Engelli bireylerin istihdama katılımının kurumsal verimliliği, inovasyonu ve finansal performansı olumlu etkilediğini belirten Altun, 2018'de 140 şirket üzerine yapılan bir araştırmaya atıfta bulundu. Bu araştırmaya göre, engelli kapsayıcılığında ileri olan şirketlerin yüzde 28 daha yüksek gelir, yüzde 30 daha yüksek kar marjı ve yüzde 90 daha yüksek çalışan sadakatine sahip olduklarını aktardı.

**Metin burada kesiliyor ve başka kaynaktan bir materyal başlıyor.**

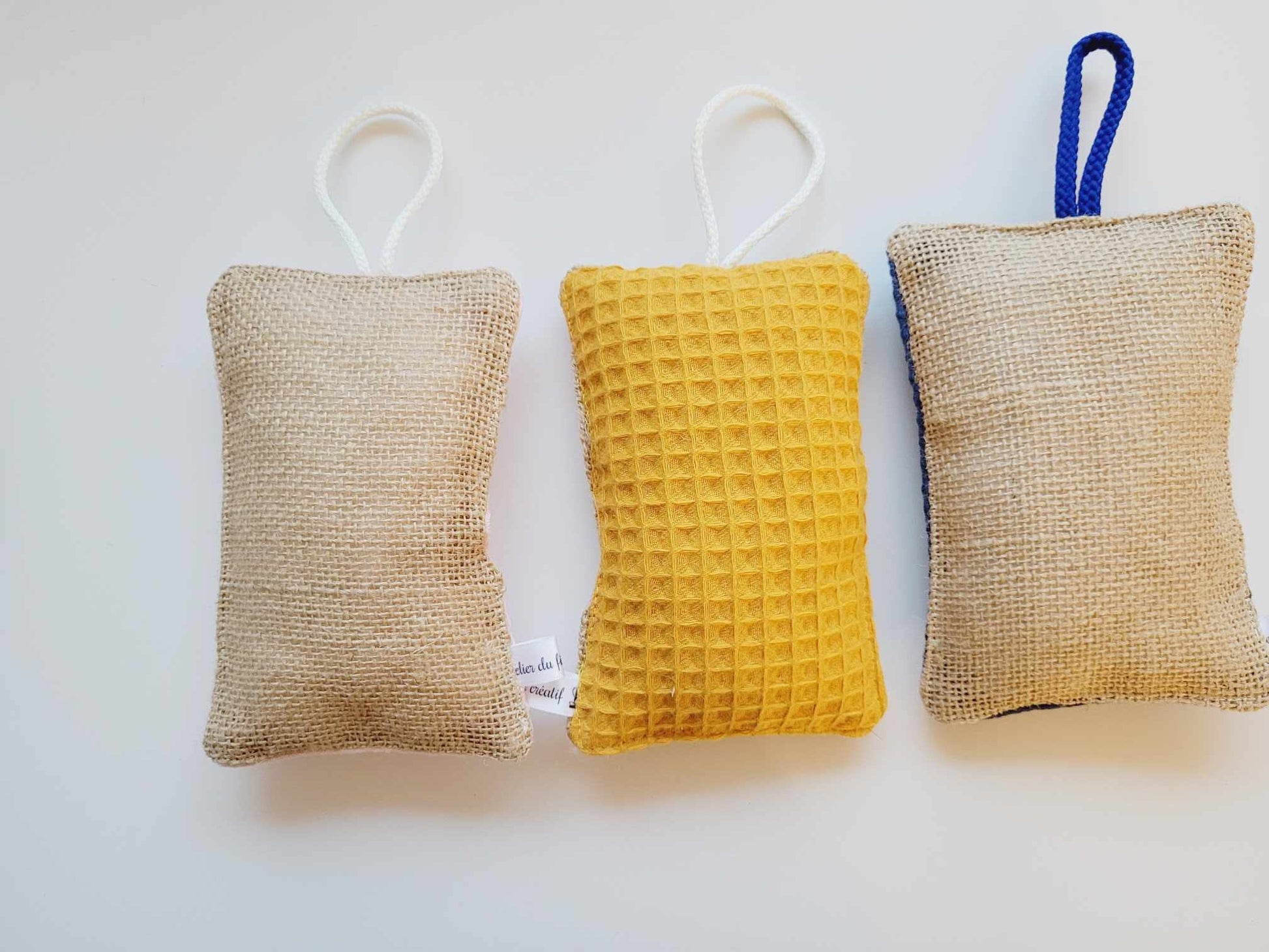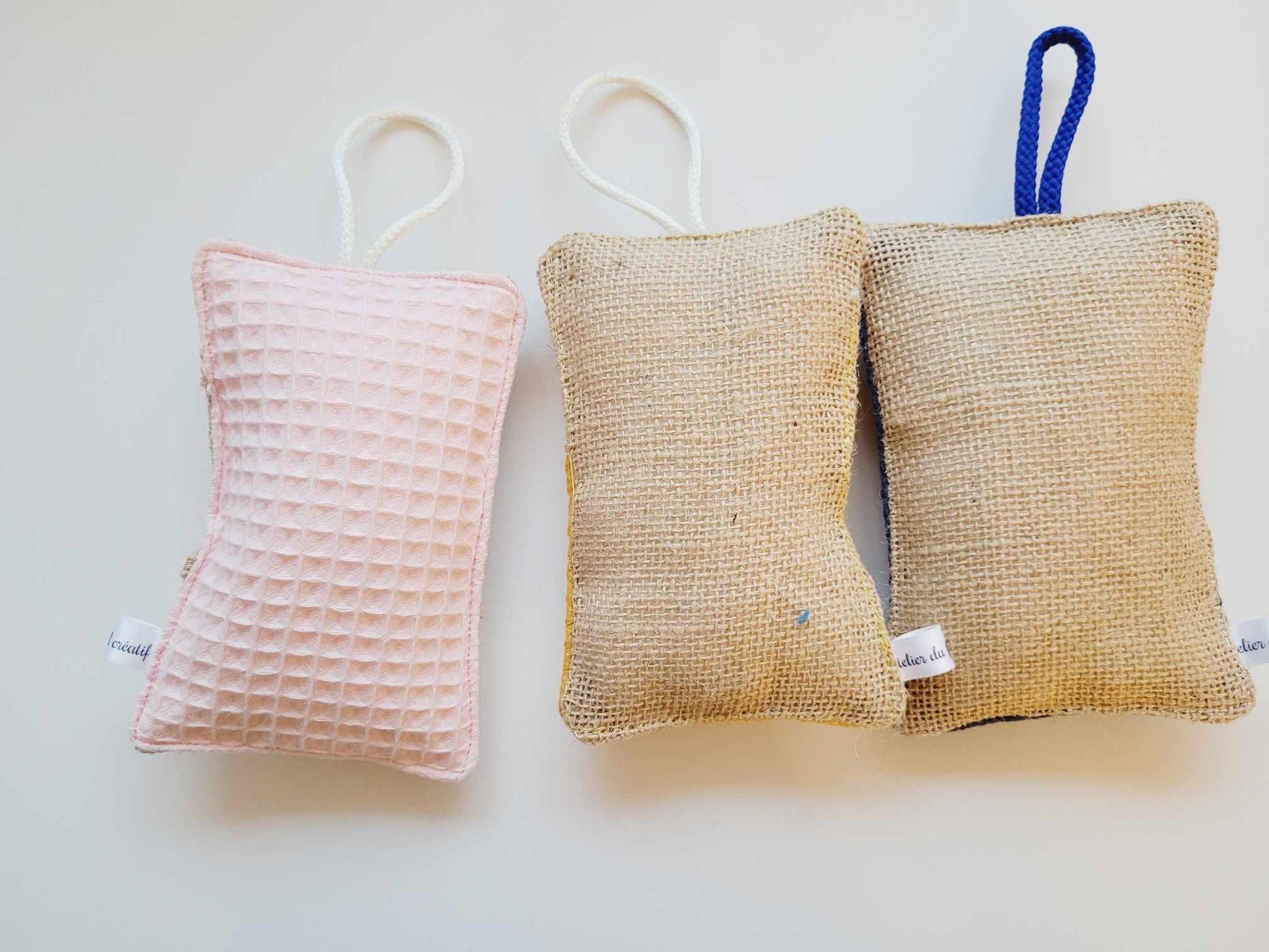 Eponges lavable et écologique, sont réalisées en tissu coton et en toile de jute ou pour certains modèles et l'autre face avec du tissu nid d'abeille Elles sont rembourré de mousse.

Altun, TİHEK olarak Birleşmiş Milletler Engellilerin Haklarına İlişkin Sözleşme kapsamında bağımsız izleme mekanizması görevini de üstlenmeye başladıklarını açıkladı. Bu mekanizma ile engellilerin toplumsal hayatın tüm alanlarına katılım süreçlerindeki haklarının izlenmesi, değerlendirilmesi ve raporlanmasına yönelik çalışmalar yürüttüklerini bildirdi.
TİHEK İkinci Başkanı Muhammet Ecevit Carti ise rapora ilişkin bilgi verirken, kuruma yapılan ayrımcılık başvurularının yüzde 22'sinin engelliler tarafından yapıldığını belirtti. Carti, son iki yılda verilen ihlal kararlarının 2024'te yüzde 50'sinin, 2025'te ise yüzde 42'sinin engellilerin başvurularına ilişkin olduğunu ifade etti.
Konuşmaların ardından TİHEK Kurul Üyesi Selami Açan'ın oturum başkanlığını üstlendiği panele, Milli Eğitim Bakanlığı, Türkiye İş Kurumu ve TİHEK'ten yetkililer katıldı.